その骨はゴミ箱の中に入らず、その横に落ちる。だが意に介さずロストマンは話を続ける。
「おいらは手助けをするだけだにゃ。この国を守るのはお前らだからにゃ。ケツは自分で拭くにゃ。この通信石の宛先に書かれてるスピカって名前の女にゃんだけど」
そう言うとロストマンはアンナの通信石の履歴を一通り確認する。
そして導き出した答えは────。
「この名前、50年前に死んだ女と同じ名前にゃんだよね」
2人は驚愕の表情でロストマンを見る。
「デルフィは知らなかったのかにゃ?まあ、あまりニュースにならなかったし死体も上がってないからにぇ。世間では行方不明扱いだったにゃ。遺族は今も皺だらけで捜索してるみたいだにゃ」
────50年前、ミルモタウンという小さな集落で1人の女学生が恋人の陰部と舌を切り落としたという凄惨な事件があった。2人は同じ家に住んでいたのだが近隣の住民曰く、いつも喧嘩が絶えず、騒音被害を起こしていたと言う。そんな中、そのスピカという女学生は目の前で彼氏を殺害され、彼女自身も行方をくらましていた。証拠として残されていたのは彼女が唯一連絡を取り合っていた友人への手紙のみ。

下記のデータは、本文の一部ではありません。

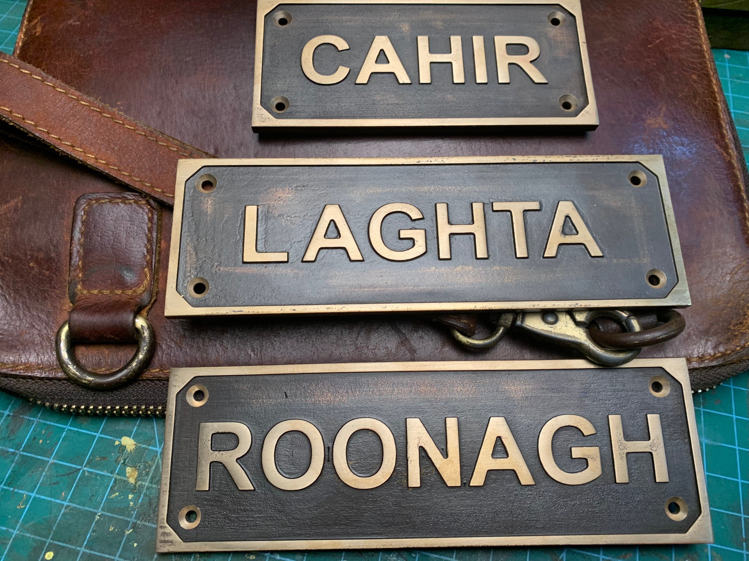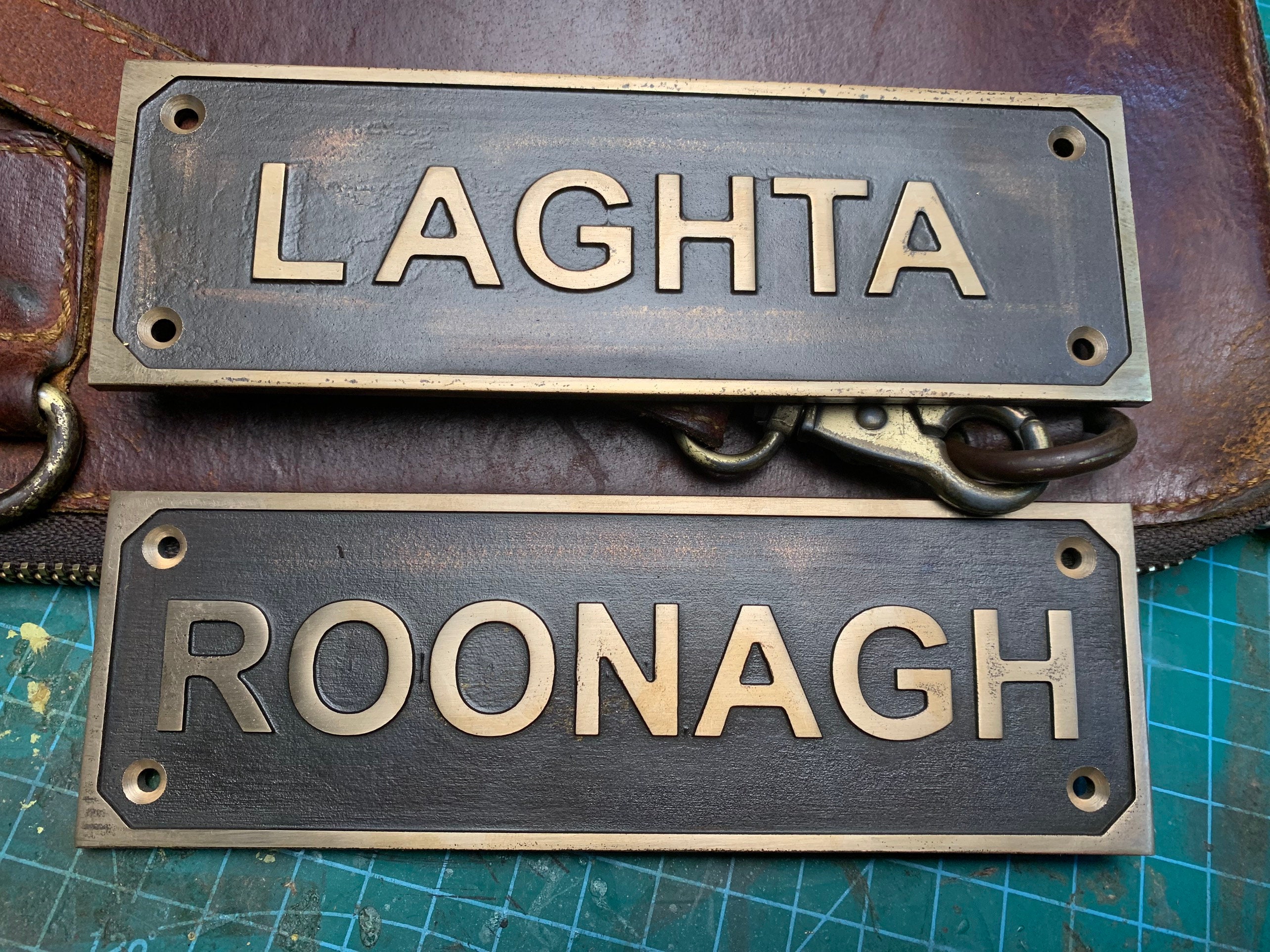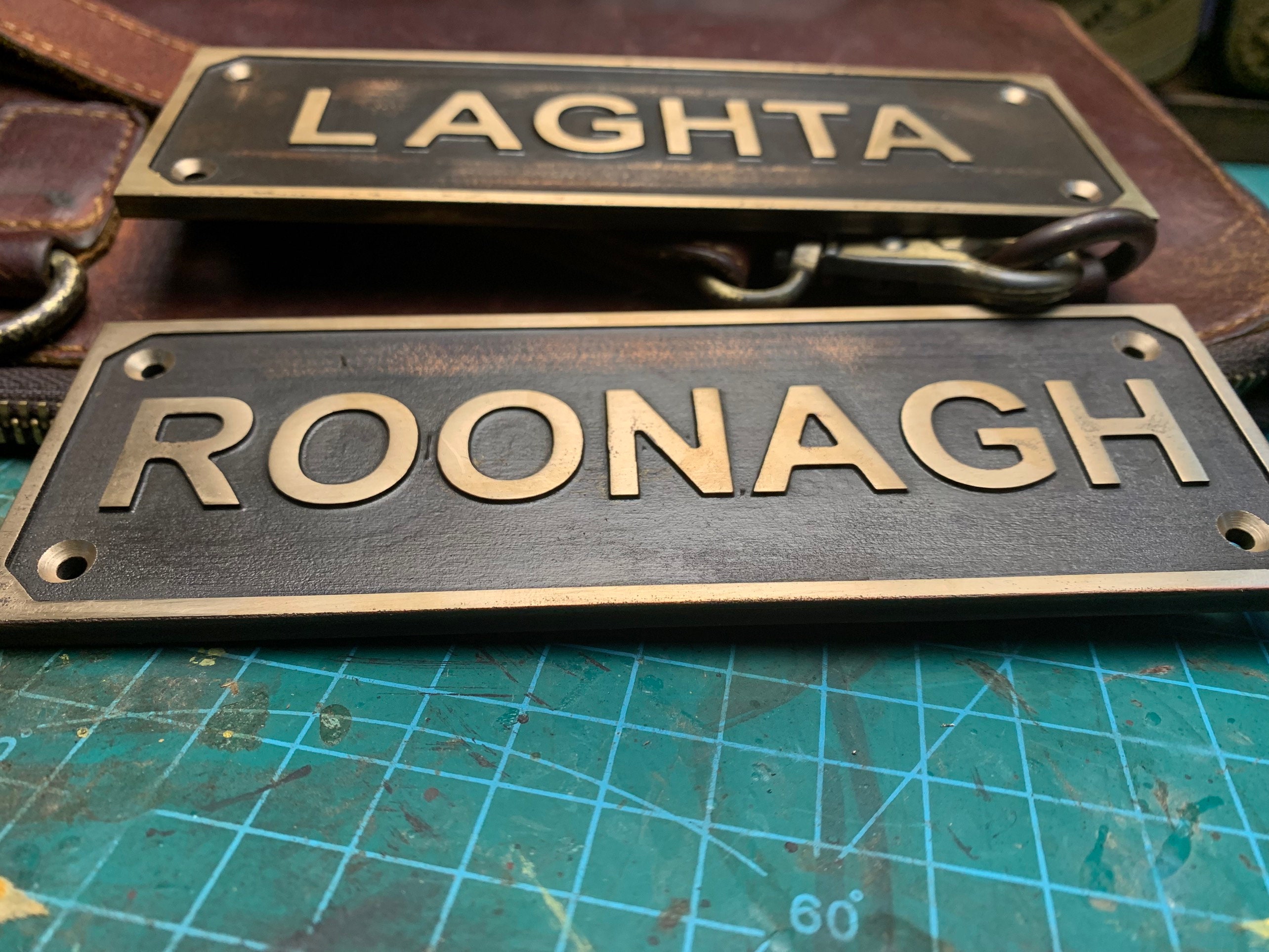 Each order includes a curated font selection and matching brass screws for easy installation on doors or walls.

「魔女警察のデータにも残っていない。それに50年前。今の魔女たちの記憶には消し去られても当然。今回の事件はデルフィの言う通り灰の魔女の仕業で間違いにゃいな。それに死人の名前を騙って女児に殺し合いをさせる変態なんてあいつしかいないにゃ」
───ブルグマンシア。その名前を口にしたとき、点と点が繋がった気がした。
「やはりそうですか………奴の手口はあえて自分がやったと言う証拠を残すこと。遺体や指紋、DNAを残すことで魔女たちをあえて泳がす。自分が絶対に捕まらない。殺されないとわかっているからこその余裕です」
デルフィニウムはそう言って唇を噛む。
「そのくせ自分のアジトだけは厳重にセキリュティを強化する。用意周到な女だにゃ。バレたとしてもそのアジトごとターゲットを破壊して次のアジトに移る。そうやって各国を転々としてるにゃ」
「なんで魔女の人たちでも知り得ない情報をそこまで知ってるの?」
ミントの疑問にロストマンは愚問とばかりに答える。
「それはおいらが2回もブルグマンシアのアジトを特定したからにゃ」
満足げにロストマンは胸を張る。
「1回目は灰の魔女の情報を魔族などの住民に売り渡すため、ついでに過去の情報や犯行の手口を特定したにゃ。2回目はある恐い人に依頼されたからにゃ。2回目の時に本人に襲撃されて半殺しにされたから、もう関わりたくにゃかったんだけど………」
そこに言葉を止め、ミントの方を見つめる。
「こんな細い弱々しいガキに説教されたら、ロストマンの面目がたたないにゃ。それにブルグマンシアなんて力以外はおいらに及ばない雑魚だから、久しぶりにからかってみたくにゃったな」
理由が不純だが、彼にとってそれが全てなのだろう。
「力だけなら僕とデルフィさんに任せて。君が協力してくれるだけで嬉しいよ」
「チッ!」
望んでた返答が来ず、ロストマンは舌打ちをする。取り出した猫じゃらしで背中をかきながらロストマンは外の空気を吸う。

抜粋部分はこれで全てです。